*Requirement*: Begin the copy at the line containing "8842 Wooden dining" in the data below and end it at the line containing "Coffret cadeau 2", keeping each line exact and leaving out pictures.

*Extracted records*:
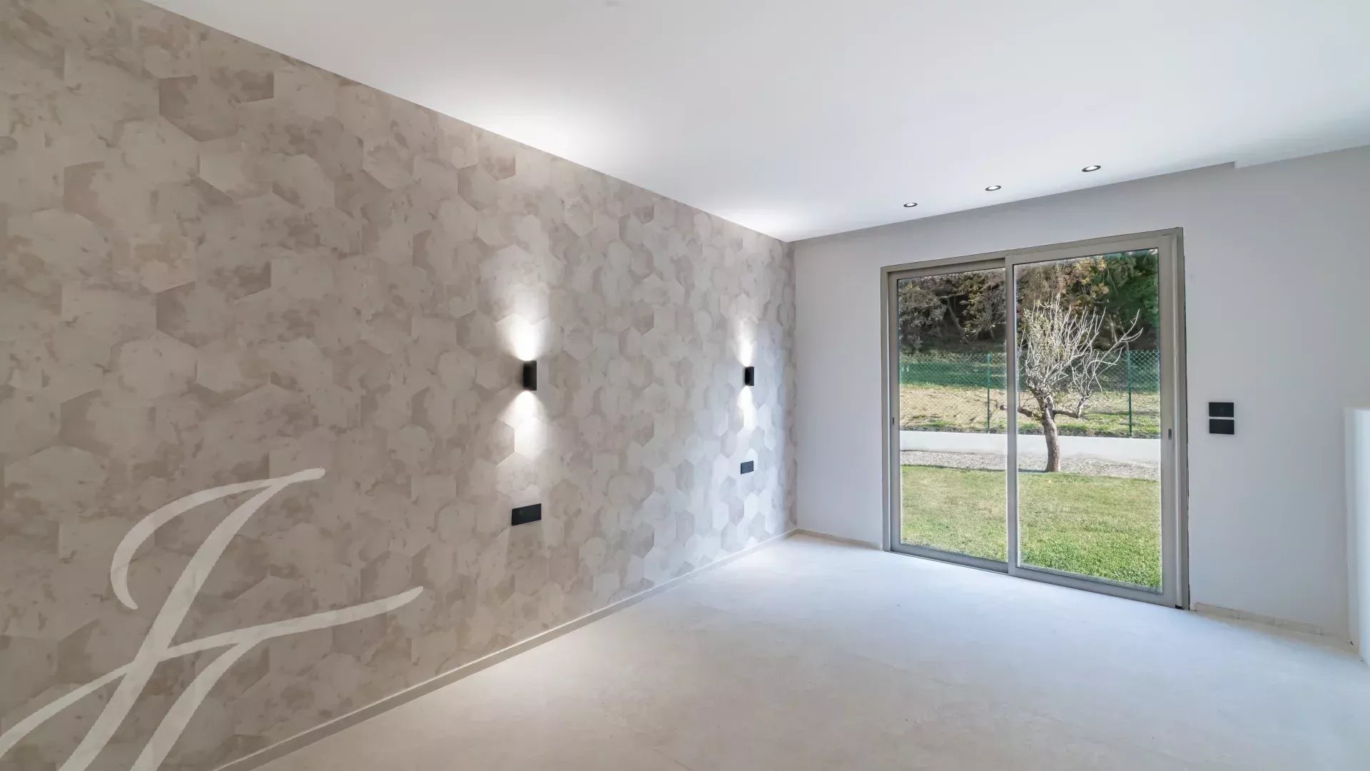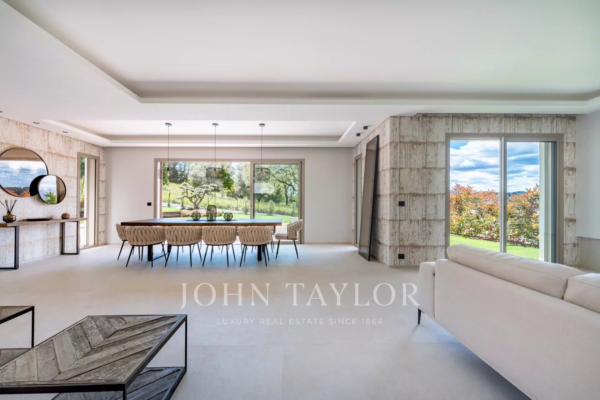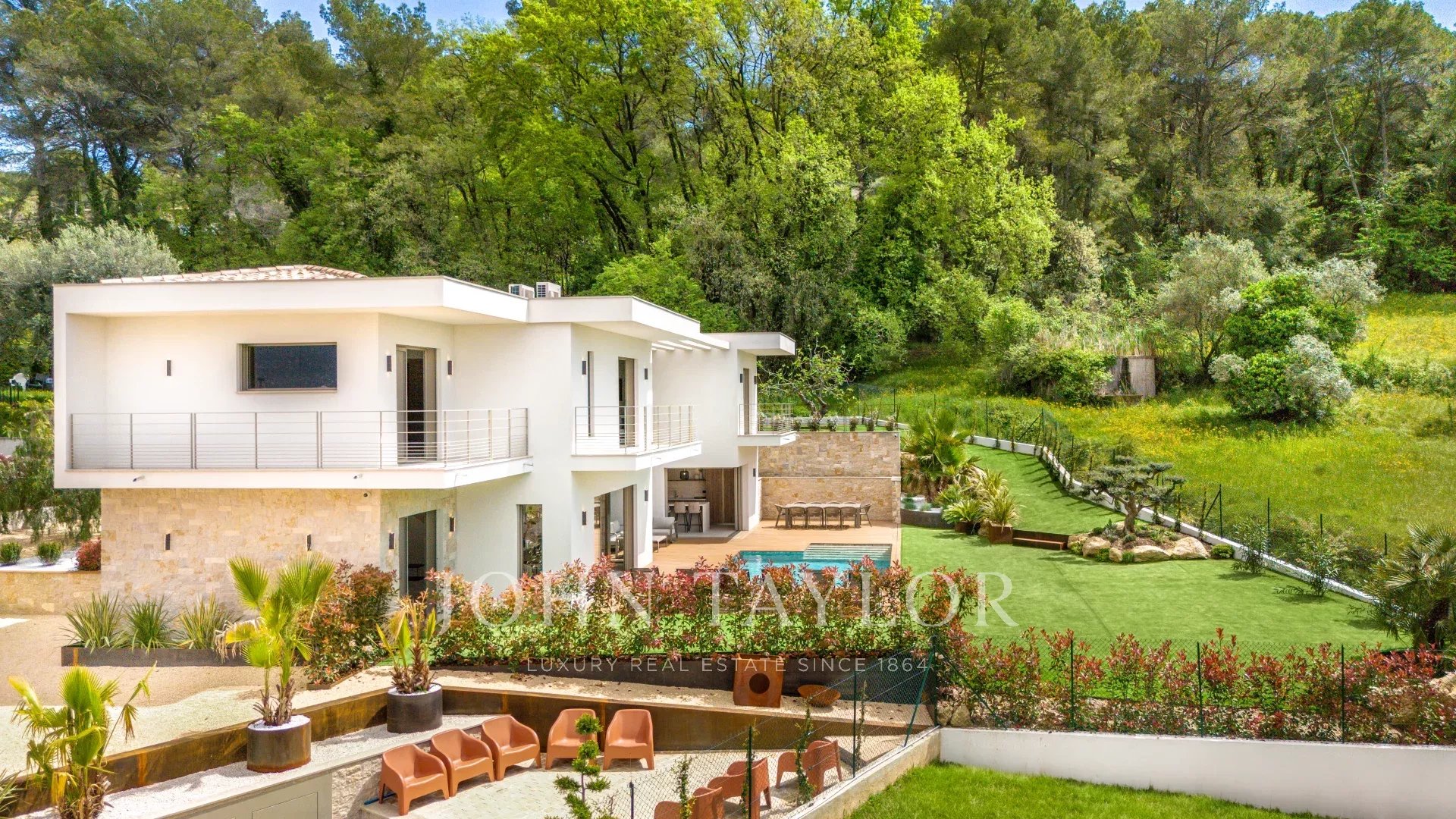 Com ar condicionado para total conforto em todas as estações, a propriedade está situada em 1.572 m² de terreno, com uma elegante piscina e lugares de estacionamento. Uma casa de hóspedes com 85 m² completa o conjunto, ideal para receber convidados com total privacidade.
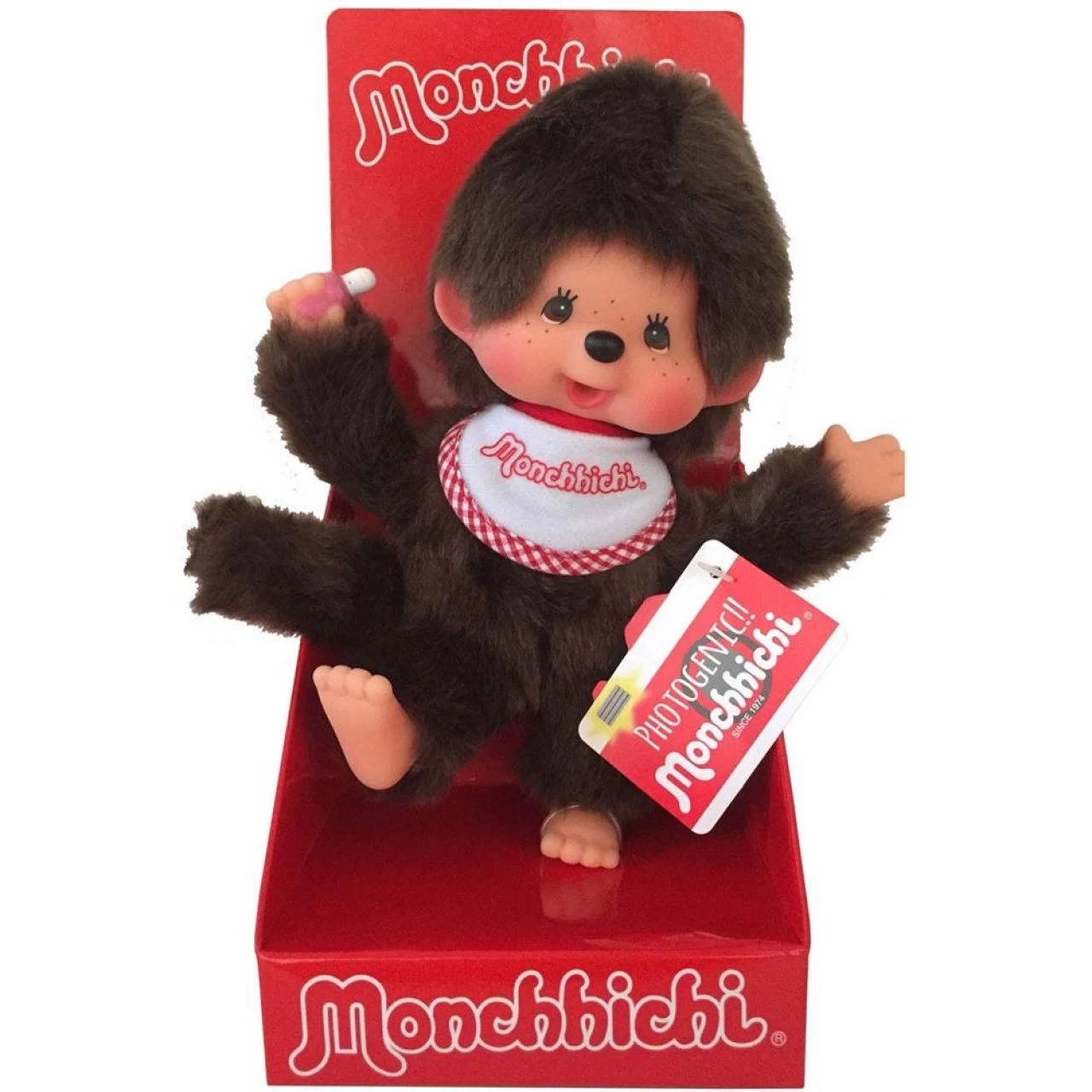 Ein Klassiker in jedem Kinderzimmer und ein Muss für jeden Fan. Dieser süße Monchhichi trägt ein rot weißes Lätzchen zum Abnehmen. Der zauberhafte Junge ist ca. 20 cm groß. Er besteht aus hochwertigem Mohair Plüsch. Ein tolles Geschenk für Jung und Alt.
---
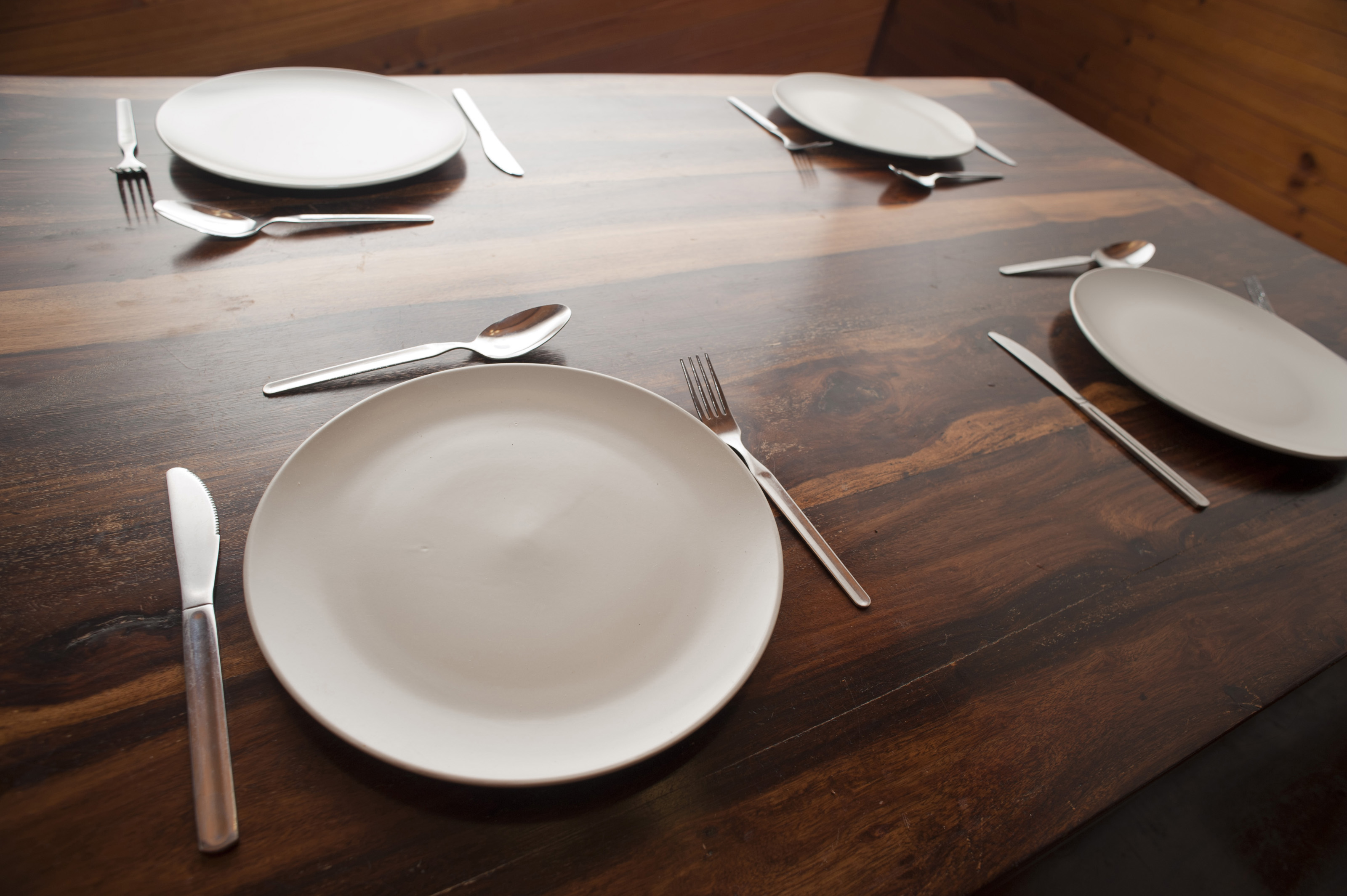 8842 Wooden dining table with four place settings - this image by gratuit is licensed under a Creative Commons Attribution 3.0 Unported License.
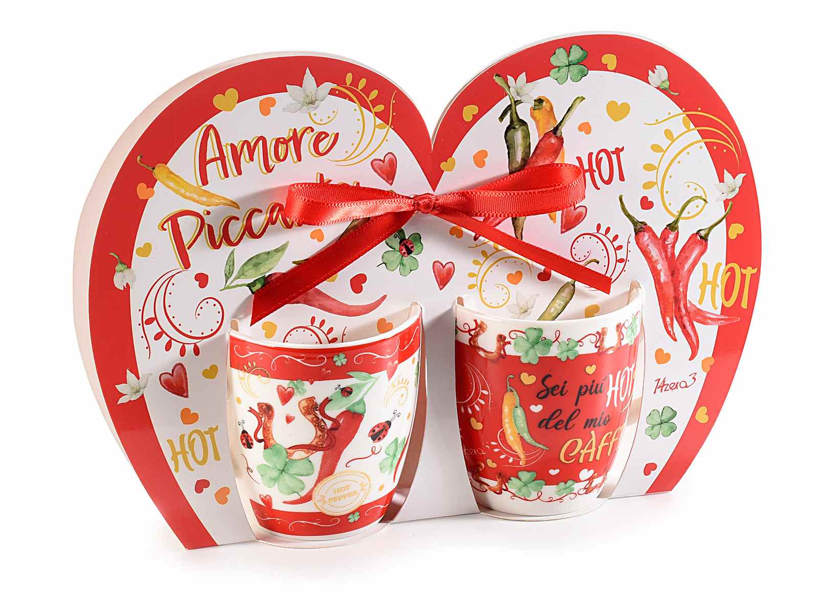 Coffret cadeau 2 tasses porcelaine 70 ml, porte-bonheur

*Exercise output*:
 8842 Wooden dining table with four place settings - this image by gratuit is licensed under a Creative Commons Attribution 3.0 Unported License.
 Coffret cadeau 2 tasses porcelaine 70 ml, porte-bonheur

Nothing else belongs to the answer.